Former US President Barack Obama signed a new law in 2012 called the JOBS Act, concerning startup financing. Its goal was to attract investments in small businesses and provide greater freedom to the crowdfunding and equity crowdfunding market. Proponents of the law, including many public organizations in the USA, believed it would help reduce the pace of economic decline. According to the law, financial portals must be registered with the SEC and become participants in a special self-regulatory organization.

In September 2013, Section 2 of this law came into effect. Since then, advertising for crowdfunding has been allowed, but only accredited citizens still have the right to invest. By 2014, the crowdfunding market had risen to $250 million.

Only in 2016 did equity crowdfunding become available to everyone. Today, non-professional investors can invest up to 10% of their annual income in startups. The amount that a company can raise this way has significantly increased and now reaches $50 million. Due to these changes, a significant increase in the number of investors is expected.

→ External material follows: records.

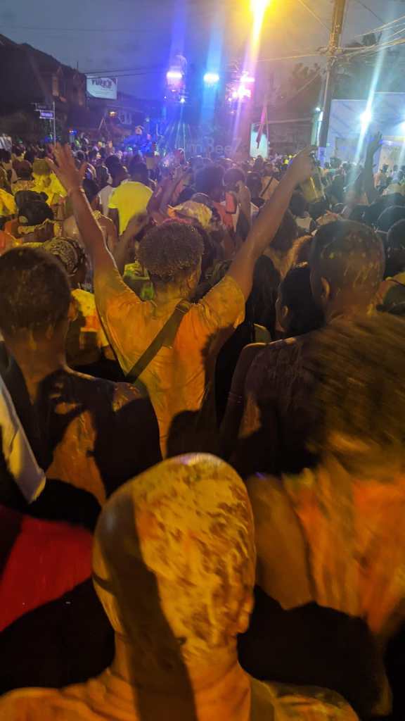 The gates opened around 4:30am, and we slowly followed the trucks out onto the streets of Port of Spain. Mike and I made a pact to stick together and to watch our footing in the dark. Security staff held long ropes on either side of the street, so as long as you followed a truck and stayed between the ropes, it was impossible to get lost. Wow, there was a ton of energy! We didn’t really march, we pretty much bounced our way through town.
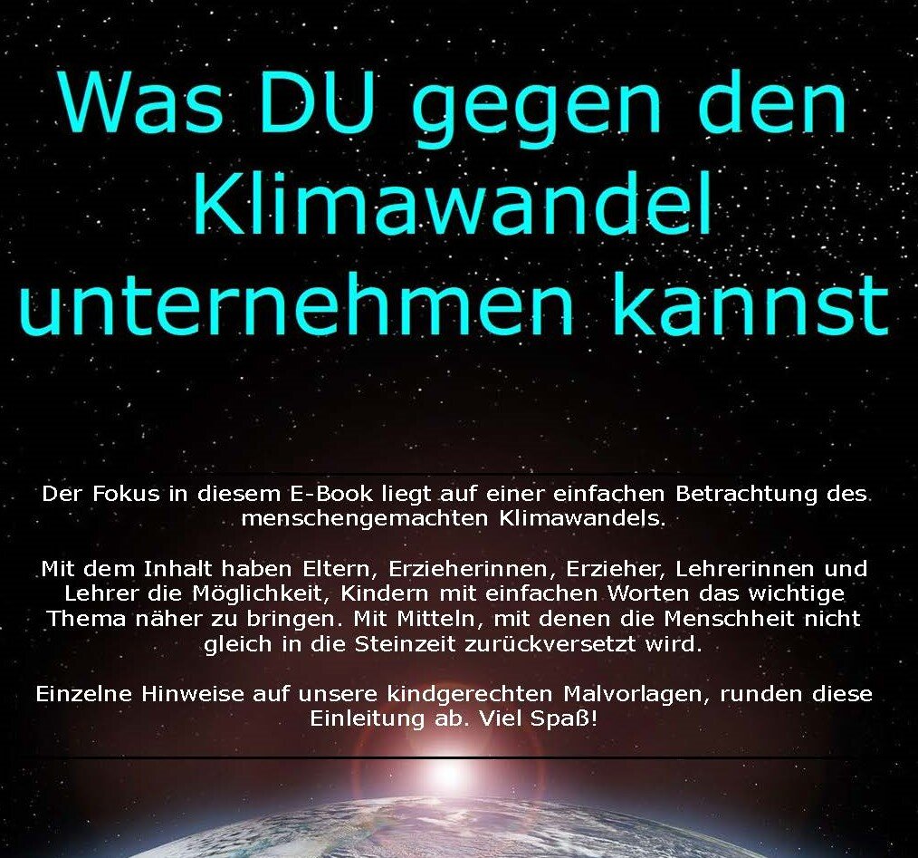 Der Fokus in diesem E-Book liegt auf einer einfachen Betrachtung des menschengemachten Klimawandels. Mit dem Inhalt haben Eltern, Erzieherinnen, Erzieher, Lehrerinnen und Lehrer die Möglichkeit, Kindern mit einfachen Worten das wichtige Thema näher zu bringen. Mit Mitteln, mit denen die Menschheit nicht gleich in die Steinzeit zurückversetzt wird. Einzelne Hinweise auf unsere kindgerechten Malvorlagen, runden diese Einleitung ab. Ein Klick auf die Grafik öffnet das kostenlose Ebook zum Download:
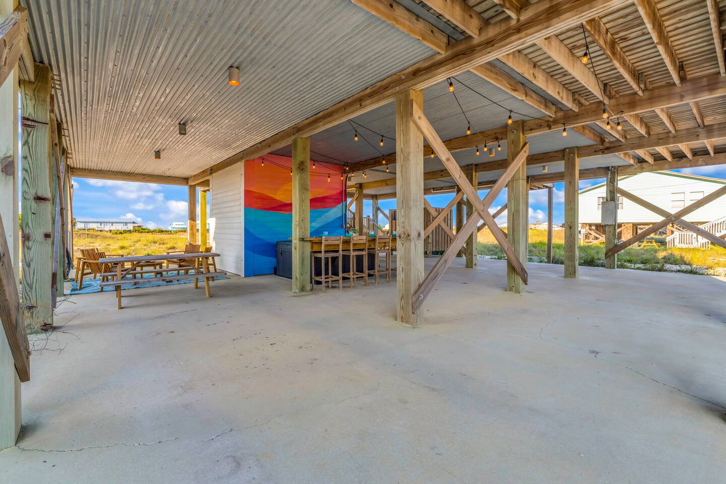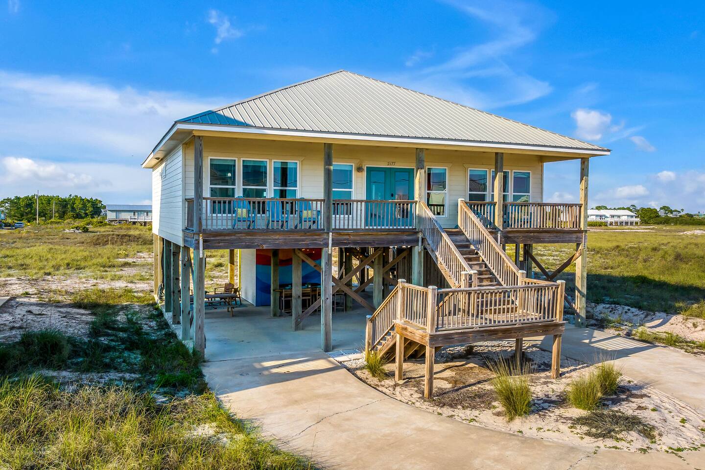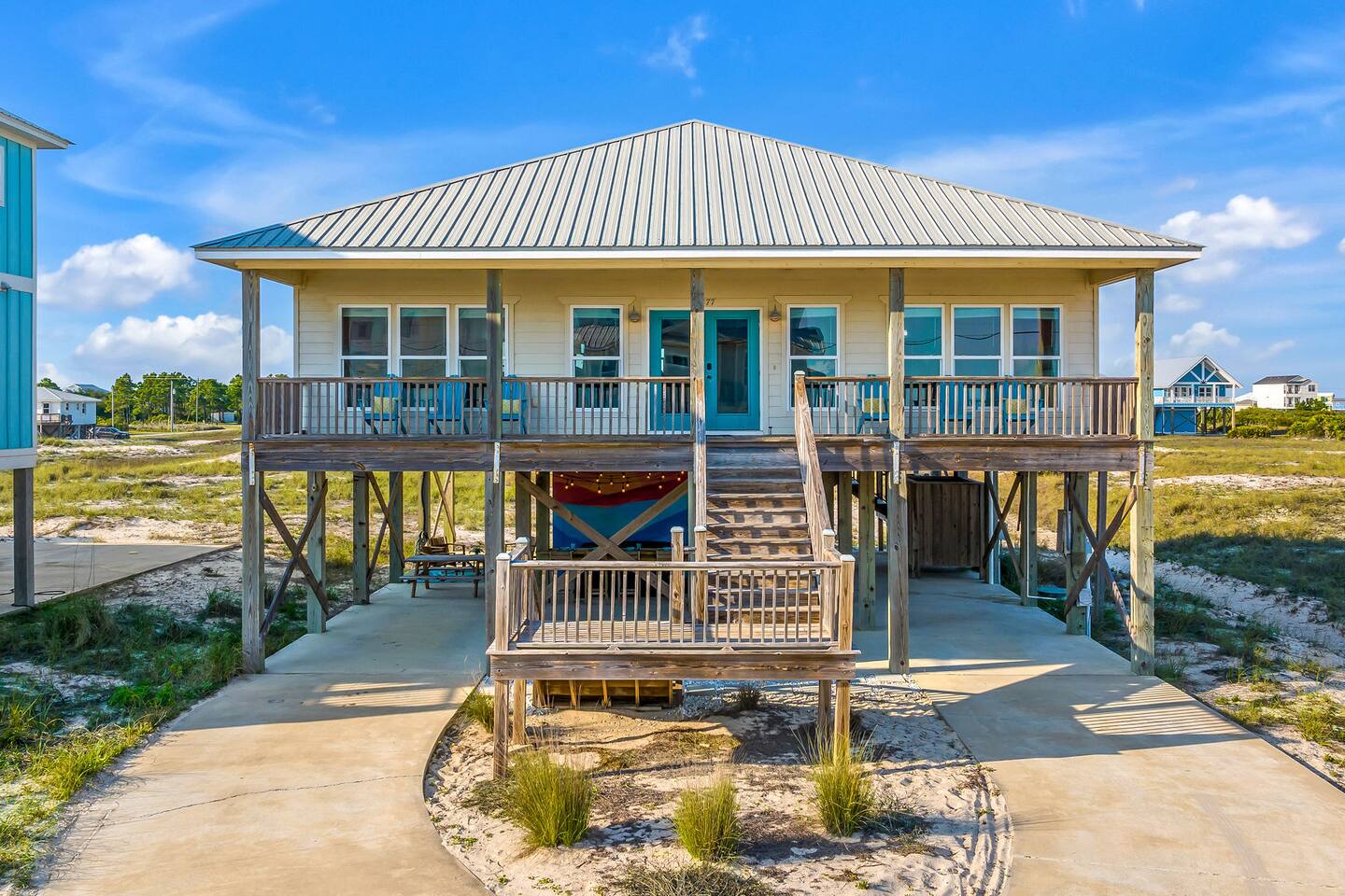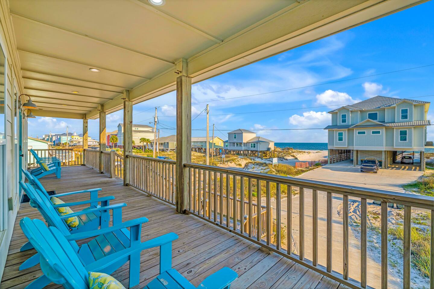 ✔ Directly Across From Public Beach ✔ Private Hot Tub ✔ All Dogs Welcome, Dog-Friendly Beach ✔️ 4 bedrooms, 4 baths, Sleeps 10 ✔️ Gulf-Facing Deck – Soak in the salt air and watch the waves roll in from an expansive deck with lounge seating. ✔️ Outdoor Oasis – Hang in your own shaded bar area under the house, complete with hot tub, cornhole, and comfy seating ✔️ Beach Gear, Linens & Soaps Included. ✔️ Outdoor Shower
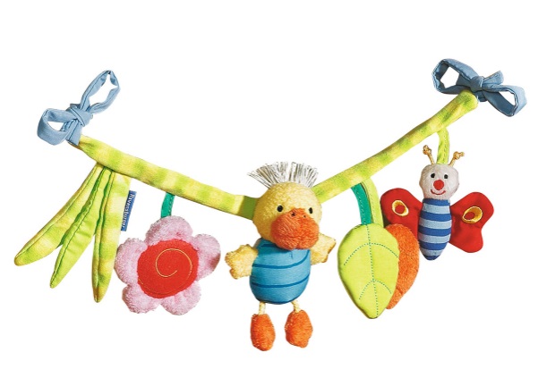 Die farbenfrohe Kette aus weichem Plüsch unterhält das Baby mit lustigen Naturmotiven.
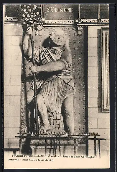 AK St-Christophe-sur-le-Nais, Statue de Saint Christophe
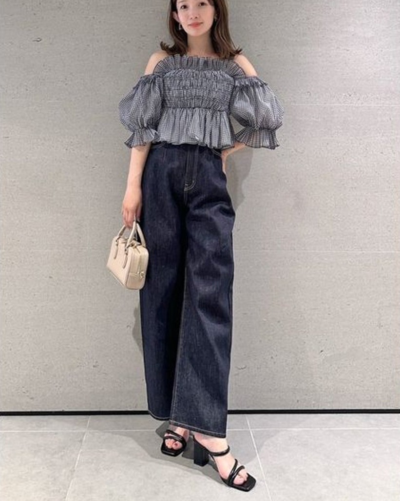 17.【フェミニンなトップス×ワイドデニムパンツでバランス◎ガーリーコーデ】

Is there crowdfunding in Kazakhstan?

Yes, such resources are now available in Kazakhstan and other developed countries. The first crowdfunding platform was launched in Russia back in 2012, called Smartmarket.net. Less than a year later, it shut down. Then there were VCStartWeShare, which also closed down. Currently, StartTrack and Venture Club are still operating. The StartTrack platform was opened in 2018, and it is still too early to speak of its successes or failures. However, crowdfunding in Kazakhstan does not enjoy the same popularity as in the West, and its financial indicators are hundreds of times lower than those in the USA. The specific features of Kazakhstan's legislation and the structure of most companies, which have a limited number of owners, hinder the development of this type of investment. This necessitates attracting large investments from one or two individuals. Moreover, all owners must be physically present at certain stages of the agreement process. For example, this is required for the transfer of shares in the authorized capital to a new investor. Therefore, this type of investment is not and is unlikely to become a mass phenomenon in Kazakhstan. In Ukraine, Belarus, Kazakhstan, and other countries, this method of attracting investments is currently impossible due to the complete absence of legislation on this issue.